The latter motion, even if it was not rendered moot by this Court's Opinion granting defendant's motion for J.N.O.V., would be (and is) denied for the reasons enunciated in its Opinion Regarding Entry of Judgment filed on May 6, 1991. Nothing presented in the papers supporting this motion has persuaded the Court that its prior determination is incorrect.

Armstrong's motion under Rule 49*fn1 may be disposed of as quickly as plaintiffs' motion concerning the judgment. This motion relates to jury answers to interrogatories concerning "overlap" amounts between compensatory awards for the tort claims and the antitrust claims.*fn2 This motion is denied without further discussion. This Court has vacated the judgment based upon the verdict in its earlier Opinion granting defendant's motion for J.N.O.V. Furthermore, even if the verdict remained, this Court grants defendant's motion for a new trial on the grounds enunciated below, and thus denies the motion under Rule 49 because such motion is unnecessary.

This Court issued its Opinion as to the motion for J.N.O.V. on June 20, 1991, granting defendant's motion in full. The present Opinion is to be considered in conjunction therewith, and so will not repeat the pertinent facts and background contained therein as such discussion is hereby incorporated by reference.

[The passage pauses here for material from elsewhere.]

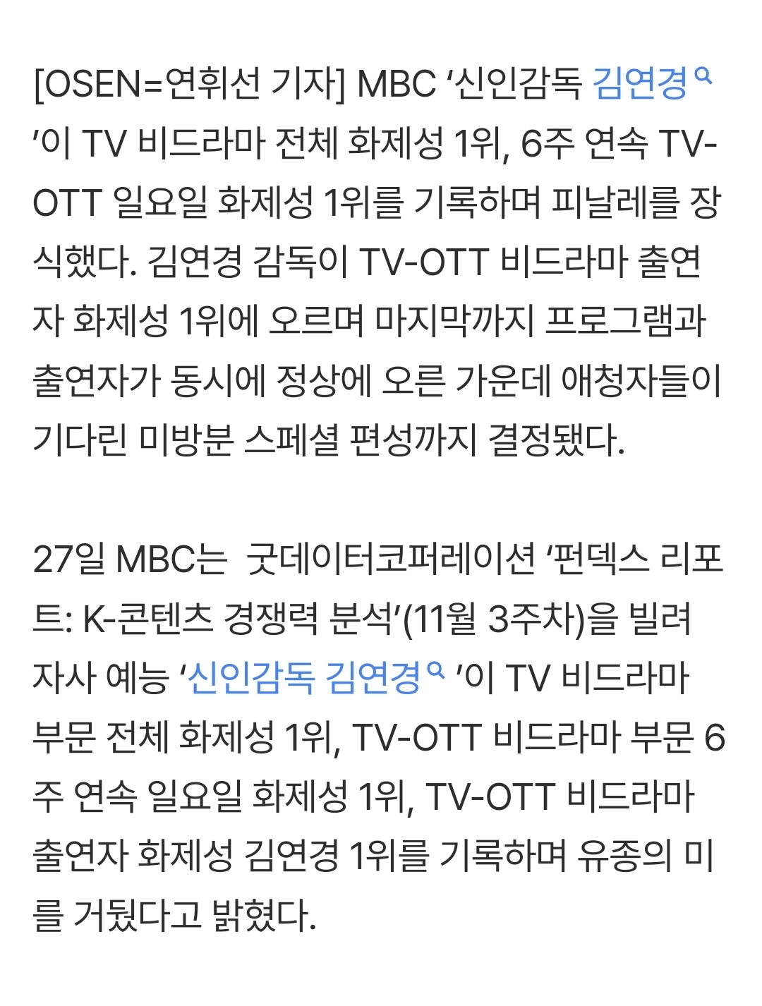 [여시뉴스데스크]김연경, 연예대상까지 탈 기세...'신인감독 김연경' 종영까지 화제성 1위 싹쓸이 [공식] 작성자생각하고댓글달기|작성시간25.12.10|조회수4,468 목록 댓글 66 글자크기 작게가 글자크기 크게가 출처: https://naver.me/GYGa3iyX김연경, 연예대상까지 탈 기세...'신인감독 김연경' 종영까지 화제성 1위 싹쓸이 [공식]여기를 눌러 링크를 확인하세요m.entertain.naver.com연경신 대상드려 시즌2 낋여 다음검색 현재 게시글 추가 기능 열기 북마크 공유하기 신고 센터로 신고 댓글 댓글 66 댓글쓰기 답글쓰기 댓글 리스트 작성자멍뭉이왈츠 | 작성시간 25.12.10 드려 작성자길로간 | 작성시간 25.12.10 이름새겨놔.. 작성자수목일 | 작성시간 25.12.10 당연 작성자지니지니에 | 작성시간 25.12.11 대상드려 작성자사등급힘차게퇴장 | 작성시간 25.12.11 걍 대존잼 빨리 더줘 댓글 전체보기

The present opinion is required in light of the fact that this Court granted the defendant's motion for J.N.O.V. in its entirety:

  If the motion for judgment notwithstanding the
  verdict, provided for in subdivision (b) of this
  rule, is granted, the court shall also rule on the
  motion for a new trial, if any, by determining
  whether it should be granted if the judgment is
  thereafter vacated or reversed, and shall specify
  grounds for granting or denying the motion for the
  new trial. If the motion for a new trial is thus
  conditionally granted, the order thereon does not
  affect the finality of the judgment. . . .

(Fed.R.Civ.P. 50(c)(1)).

The defendant asserts three grounds for its motion under Rule 59. First, it contends that the verdict is contrary to the clear weight of the evidence. Second, Armstrong asserts that it is entitled to a new trial because of improper, prejudicial arguments made to the jury by the plaintiffs' counsel. Third, Armstrong asserts that both the compensatory and punitive awards in this case are so grossly excessive as to shock the conscience, thus requiring a new trial.

II. DISCUSSION

A. Standards Governing Motions for a New Trial

In general, a trial court should grant a motion for a new trial when, in its opinion, "the verdict is contrary to the great weight of the evidence, thus making a new trial necessary to prevent a miscarriage of justice." Roebuck v. Drexel University, 852 F.2d 715, 736 (3d Cir. 1988). "The authority to grant a new trial . . . is confided almost entirety to the exercise of discretion on the part of the trial court." (Id. at 735 (quoting American Bearing Co. v. Litton Industries, 729 F.2d 943, 948 (3d Cir.), cert. denied, 469 U.S. 854, 105 S.Ct. 178, 83 L.Ed.2d 112 (1984)). Such discretion reflects the fact that "the district court was able to observe the witnesses and follow the trial in a way that [the Appellate Court] cannot replicate by reviewing a cold record." (Id., citing Semper v. Santos, 845 F.2d 1233, 1237 (3d Cir. 1988)).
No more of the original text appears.